First graduates of Jalen Rose Academy march with pride
Detroit — Jalen Rose didn't forget where he came from or those he left behind.
The ESPN/ABC analyst and former 13-year NBA star, raised his arms, clenched fists as if he had just won the NBA Finals, as he beamed with pride as he walked passed the inaugural graduating class of Jalen Rose Leadership Academy (JRLA).
The teens were in line, donning graduation caps and gown— young ladies in yellow and young men in blue — in the lobby waiting to enter the Masonic Temple Jack White Theater on Saturday.
Following Rose past the students was Michael A. Cater Sr., academy co-founder and former Detroit mayors Dennis Archer Sr., and Dave Bing.
And bringing up the rear was former Detroit Piston and 12-time NBA All-Star and Hall of Famer Isiah Thomas, who hummed the familiar portion of "Pomp and Circumstance March No. 1: Land Of Hope And Glory," that has and continues to be played at countless graduations annually.
Parents, guardians, extended family, and academy founders and donors assembled inside the theater, where Rose and his guest addressed graduates.
"The only person that you are destined to become is the person you decide to be," Rose said.
He told the young men and women to make quality decisions and face adversity with a countenance of unwavering determination.
Rose happily exalted that 100 percent of the graduating class has gained college, trade/technical school or military acceptance. Founded in 2011, the academy remains involved with their graduates as they pursue higher education.
"This is not goodbye. This is just see you later. The job is not done," said Rose.
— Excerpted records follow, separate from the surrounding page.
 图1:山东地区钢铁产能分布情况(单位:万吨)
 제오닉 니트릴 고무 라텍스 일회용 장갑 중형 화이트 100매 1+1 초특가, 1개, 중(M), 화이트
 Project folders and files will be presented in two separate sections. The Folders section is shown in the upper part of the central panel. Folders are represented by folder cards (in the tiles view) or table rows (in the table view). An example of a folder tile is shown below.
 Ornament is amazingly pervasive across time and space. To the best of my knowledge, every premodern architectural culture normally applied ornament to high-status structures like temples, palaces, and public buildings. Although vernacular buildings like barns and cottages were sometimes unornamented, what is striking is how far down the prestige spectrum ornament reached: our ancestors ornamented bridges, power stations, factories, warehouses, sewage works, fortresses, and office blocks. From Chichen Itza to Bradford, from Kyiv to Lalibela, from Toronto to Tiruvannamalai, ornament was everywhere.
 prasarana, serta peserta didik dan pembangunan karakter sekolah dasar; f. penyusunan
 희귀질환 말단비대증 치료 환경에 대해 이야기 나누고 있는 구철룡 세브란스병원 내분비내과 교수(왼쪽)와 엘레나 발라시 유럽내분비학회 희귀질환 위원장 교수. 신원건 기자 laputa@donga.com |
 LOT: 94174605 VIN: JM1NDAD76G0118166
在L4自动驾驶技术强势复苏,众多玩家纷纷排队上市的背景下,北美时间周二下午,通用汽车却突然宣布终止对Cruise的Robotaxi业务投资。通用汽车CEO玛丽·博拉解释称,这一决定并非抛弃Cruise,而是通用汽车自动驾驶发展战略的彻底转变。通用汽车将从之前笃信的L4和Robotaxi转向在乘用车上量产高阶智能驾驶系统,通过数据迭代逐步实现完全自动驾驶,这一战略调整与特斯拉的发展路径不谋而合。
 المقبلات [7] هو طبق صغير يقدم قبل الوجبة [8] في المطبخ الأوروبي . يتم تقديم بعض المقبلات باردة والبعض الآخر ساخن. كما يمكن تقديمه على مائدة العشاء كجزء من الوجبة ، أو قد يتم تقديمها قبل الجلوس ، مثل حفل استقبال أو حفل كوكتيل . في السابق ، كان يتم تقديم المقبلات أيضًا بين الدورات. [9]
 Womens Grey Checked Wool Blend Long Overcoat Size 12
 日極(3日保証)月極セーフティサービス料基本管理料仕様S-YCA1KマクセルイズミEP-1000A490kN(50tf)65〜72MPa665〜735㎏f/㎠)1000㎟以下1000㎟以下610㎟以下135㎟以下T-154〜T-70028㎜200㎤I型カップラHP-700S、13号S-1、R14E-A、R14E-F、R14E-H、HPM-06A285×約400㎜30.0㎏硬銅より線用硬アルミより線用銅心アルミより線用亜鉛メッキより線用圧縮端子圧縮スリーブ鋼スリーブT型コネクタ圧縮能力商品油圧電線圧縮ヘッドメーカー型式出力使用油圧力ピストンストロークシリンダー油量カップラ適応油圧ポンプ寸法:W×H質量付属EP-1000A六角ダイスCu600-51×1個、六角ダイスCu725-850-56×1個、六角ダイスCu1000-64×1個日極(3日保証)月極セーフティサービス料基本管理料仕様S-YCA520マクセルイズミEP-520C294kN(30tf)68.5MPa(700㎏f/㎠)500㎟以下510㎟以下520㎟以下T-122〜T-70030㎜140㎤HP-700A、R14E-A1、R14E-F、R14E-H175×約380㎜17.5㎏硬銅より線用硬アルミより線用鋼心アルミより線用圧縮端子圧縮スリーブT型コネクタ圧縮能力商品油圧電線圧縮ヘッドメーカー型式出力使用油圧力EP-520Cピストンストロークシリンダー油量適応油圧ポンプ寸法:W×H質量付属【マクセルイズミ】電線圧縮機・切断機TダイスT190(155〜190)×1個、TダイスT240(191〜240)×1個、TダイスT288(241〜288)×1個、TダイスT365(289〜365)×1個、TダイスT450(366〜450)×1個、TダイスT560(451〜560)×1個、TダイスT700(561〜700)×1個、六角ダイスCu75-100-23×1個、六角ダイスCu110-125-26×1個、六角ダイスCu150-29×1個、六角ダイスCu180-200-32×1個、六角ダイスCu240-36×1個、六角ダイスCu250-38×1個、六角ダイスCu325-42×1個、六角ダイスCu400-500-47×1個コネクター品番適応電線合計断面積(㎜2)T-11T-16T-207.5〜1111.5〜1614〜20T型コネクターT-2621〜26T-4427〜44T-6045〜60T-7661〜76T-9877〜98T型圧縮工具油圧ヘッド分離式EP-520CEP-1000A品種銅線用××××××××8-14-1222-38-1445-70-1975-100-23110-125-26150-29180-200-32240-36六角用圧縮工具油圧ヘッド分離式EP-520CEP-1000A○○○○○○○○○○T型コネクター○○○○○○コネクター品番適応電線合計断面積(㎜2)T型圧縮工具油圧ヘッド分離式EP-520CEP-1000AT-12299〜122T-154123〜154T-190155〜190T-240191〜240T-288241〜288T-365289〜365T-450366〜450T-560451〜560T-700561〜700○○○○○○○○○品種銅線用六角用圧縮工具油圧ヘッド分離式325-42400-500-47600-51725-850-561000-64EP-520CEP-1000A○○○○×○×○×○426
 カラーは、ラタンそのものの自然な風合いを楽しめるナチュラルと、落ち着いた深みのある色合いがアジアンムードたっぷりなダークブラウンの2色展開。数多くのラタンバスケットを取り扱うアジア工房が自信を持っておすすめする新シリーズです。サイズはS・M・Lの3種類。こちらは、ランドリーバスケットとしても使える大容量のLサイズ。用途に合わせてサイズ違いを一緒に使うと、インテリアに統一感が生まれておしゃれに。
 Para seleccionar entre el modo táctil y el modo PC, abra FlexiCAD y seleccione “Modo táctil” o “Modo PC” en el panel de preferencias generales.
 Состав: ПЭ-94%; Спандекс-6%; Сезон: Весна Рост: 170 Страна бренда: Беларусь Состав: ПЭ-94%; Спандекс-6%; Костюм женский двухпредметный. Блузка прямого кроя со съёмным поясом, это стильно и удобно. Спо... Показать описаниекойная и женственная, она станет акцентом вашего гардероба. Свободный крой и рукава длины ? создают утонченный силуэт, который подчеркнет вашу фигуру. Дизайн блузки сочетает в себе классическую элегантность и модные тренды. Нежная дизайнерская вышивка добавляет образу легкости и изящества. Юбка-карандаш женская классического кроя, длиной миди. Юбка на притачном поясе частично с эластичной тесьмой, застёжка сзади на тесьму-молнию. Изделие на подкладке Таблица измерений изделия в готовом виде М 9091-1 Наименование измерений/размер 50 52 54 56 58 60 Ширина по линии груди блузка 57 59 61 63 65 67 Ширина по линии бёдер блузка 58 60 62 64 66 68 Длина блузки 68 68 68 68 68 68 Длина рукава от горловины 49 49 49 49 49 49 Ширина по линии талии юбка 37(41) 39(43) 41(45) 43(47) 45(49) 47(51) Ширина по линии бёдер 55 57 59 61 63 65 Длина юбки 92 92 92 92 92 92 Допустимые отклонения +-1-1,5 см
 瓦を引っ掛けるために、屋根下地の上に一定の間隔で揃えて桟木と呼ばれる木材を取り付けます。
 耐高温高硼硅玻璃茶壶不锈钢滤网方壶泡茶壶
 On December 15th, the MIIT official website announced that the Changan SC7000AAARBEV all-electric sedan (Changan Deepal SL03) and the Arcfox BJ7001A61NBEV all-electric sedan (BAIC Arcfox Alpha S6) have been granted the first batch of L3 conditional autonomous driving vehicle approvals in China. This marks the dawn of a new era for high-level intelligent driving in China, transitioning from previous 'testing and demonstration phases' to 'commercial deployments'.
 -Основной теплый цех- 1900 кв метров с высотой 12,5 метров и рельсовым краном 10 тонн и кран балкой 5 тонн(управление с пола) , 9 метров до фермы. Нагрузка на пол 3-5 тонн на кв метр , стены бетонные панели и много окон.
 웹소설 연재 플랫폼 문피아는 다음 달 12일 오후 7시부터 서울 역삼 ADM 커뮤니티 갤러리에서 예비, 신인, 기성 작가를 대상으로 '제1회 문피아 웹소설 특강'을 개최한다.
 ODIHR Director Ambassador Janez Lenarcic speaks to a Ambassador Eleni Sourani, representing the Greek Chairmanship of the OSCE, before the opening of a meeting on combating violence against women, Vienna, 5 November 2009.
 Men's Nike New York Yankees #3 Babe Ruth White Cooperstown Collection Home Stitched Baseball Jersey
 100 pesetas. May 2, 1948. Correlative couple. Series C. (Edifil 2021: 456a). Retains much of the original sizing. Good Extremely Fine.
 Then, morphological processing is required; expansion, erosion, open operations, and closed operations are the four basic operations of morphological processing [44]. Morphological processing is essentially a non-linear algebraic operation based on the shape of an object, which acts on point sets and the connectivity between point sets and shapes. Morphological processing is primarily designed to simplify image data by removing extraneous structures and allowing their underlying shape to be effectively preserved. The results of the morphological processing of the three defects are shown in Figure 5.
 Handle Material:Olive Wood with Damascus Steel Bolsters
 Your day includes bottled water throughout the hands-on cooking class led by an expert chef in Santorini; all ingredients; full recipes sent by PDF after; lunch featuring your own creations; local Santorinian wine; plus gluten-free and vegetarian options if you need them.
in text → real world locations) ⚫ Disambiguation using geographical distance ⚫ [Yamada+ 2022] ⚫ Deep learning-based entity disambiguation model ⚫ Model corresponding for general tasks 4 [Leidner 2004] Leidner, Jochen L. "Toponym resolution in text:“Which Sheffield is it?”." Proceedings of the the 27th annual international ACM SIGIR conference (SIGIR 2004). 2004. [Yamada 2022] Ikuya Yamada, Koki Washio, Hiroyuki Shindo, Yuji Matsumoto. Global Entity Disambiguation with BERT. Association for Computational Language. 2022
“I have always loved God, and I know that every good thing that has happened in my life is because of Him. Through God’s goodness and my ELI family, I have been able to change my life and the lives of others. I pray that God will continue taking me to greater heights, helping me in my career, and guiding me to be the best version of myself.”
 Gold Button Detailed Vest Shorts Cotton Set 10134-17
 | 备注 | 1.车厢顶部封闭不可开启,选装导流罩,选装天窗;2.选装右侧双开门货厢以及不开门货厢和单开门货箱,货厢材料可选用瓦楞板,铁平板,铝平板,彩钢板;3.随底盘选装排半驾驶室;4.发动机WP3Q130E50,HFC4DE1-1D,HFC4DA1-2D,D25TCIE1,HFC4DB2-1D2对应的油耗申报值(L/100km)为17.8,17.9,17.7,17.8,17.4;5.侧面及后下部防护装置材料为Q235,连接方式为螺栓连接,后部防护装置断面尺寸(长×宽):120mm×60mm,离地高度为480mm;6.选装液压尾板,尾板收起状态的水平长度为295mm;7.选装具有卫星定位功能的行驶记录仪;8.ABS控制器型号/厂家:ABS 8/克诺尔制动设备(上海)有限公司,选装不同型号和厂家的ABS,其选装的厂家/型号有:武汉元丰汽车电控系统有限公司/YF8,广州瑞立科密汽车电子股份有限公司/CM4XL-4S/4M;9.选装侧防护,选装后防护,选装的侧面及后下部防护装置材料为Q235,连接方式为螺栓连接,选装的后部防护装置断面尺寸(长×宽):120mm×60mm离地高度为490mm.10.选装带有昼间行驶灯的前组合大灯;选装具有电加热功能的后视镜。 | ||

Rose, born and raised in Detroit, attended Southwestern High School and the University of Michigan. In college he played basketball and was part of the legendary "Fab Five."
Jalen Rose Leadership Academy is one of the few high schools in Detroit that works aggressively to raise funds for private scholarship dollars for its students.
And as aggressively as the academy strives to raise funds, many of its students worked hard and received full scholarships to the schools of their choice, including University of Michigan, University of Michigan-Dearborn and Michigan State University.
Many also received partial academic scholarships as well, with the total amount of gift aid for the Class of 2015 exceeding $2.1 million.
Each student was given a tablet and treated to a special surprise.
Detriot native Sean Anderson, a.k.a. Big Sean was welcomed by screams as he walked out on stage.
Anderson, who graduated from Cass Tech High School with a 3.7 grade point average, has appeared on songs with Eminem, Nicki Minaj, Justin Bieber, Drake and Miley Cyrus.
He grew up on 6 Mile and Wyoming in Detroit. Now Kanye West, is his mentor and he rubs shoulders with other mega-music stars such as Jay Z and Beyonce.
"I feel like I am talking to the future," Anderson said to the class of 2015.
He told the teens to pursue what they love, be innovators and stay focused.
"I truly have love for the city. It made me who I am," he said. " I feel like we can do anything because our city has gone through so much. We have seen the bottom and we have seen the top. No matter what, we are going to be who we are and find a way to survive."
He added that no matter what part of the world he's travels to, people love and respect Detroit.
"When you say you are from Detroit, hold your head up high," he said.
When Thomas took the mic the crowd roared and cheered "Bad Boys." As point guard for the Pistons from 1981 to 1994 he led the team to the NBA championships in 1988-89 and 1989-1990 seasons.
A Chicago-native, who calls Detroit his adopted home, Thomas cautioned the teens that graduation was just one of many hurdles that must be cleared in the pursuit of success.
"You just made it to the playoffs," he said. "Now we have to get ready for the finals."
Thomas, president of the WNBA Liberty, challenged academy graduates to lay the foundation for the next generation and mentor them.
"Your job, your responsibility as leaders, is to make sure you leave the door open," he said. "Jalen Rose thank you for opening that door."
One of the inaugural graduates walking through that door is Eboni Ross, 17, of Detroit.
Her parents smiled as they took pictures of their daughter.
"Words can't express how proud I am of my daughter," said Patricia Ross. " She is going to Central Michigan and will major in criminal justice and minor in psychology. She wants to be a FBI agent."
Ross added that Rose was a part of the students lives and supported them. And while things were tough when the academy first opened its doors, Rose remained dedicated to his students.
"I was proud of him and I am very proud of him," said Ross, who added that she graduated from Southwestern High School as did Rose.
Eboni's father Sellie Ross said he is not only filled with pride but gratitude.
"I am overwhelmed," he said. I am very grateful that I am a part of her. I am truly grateful to God."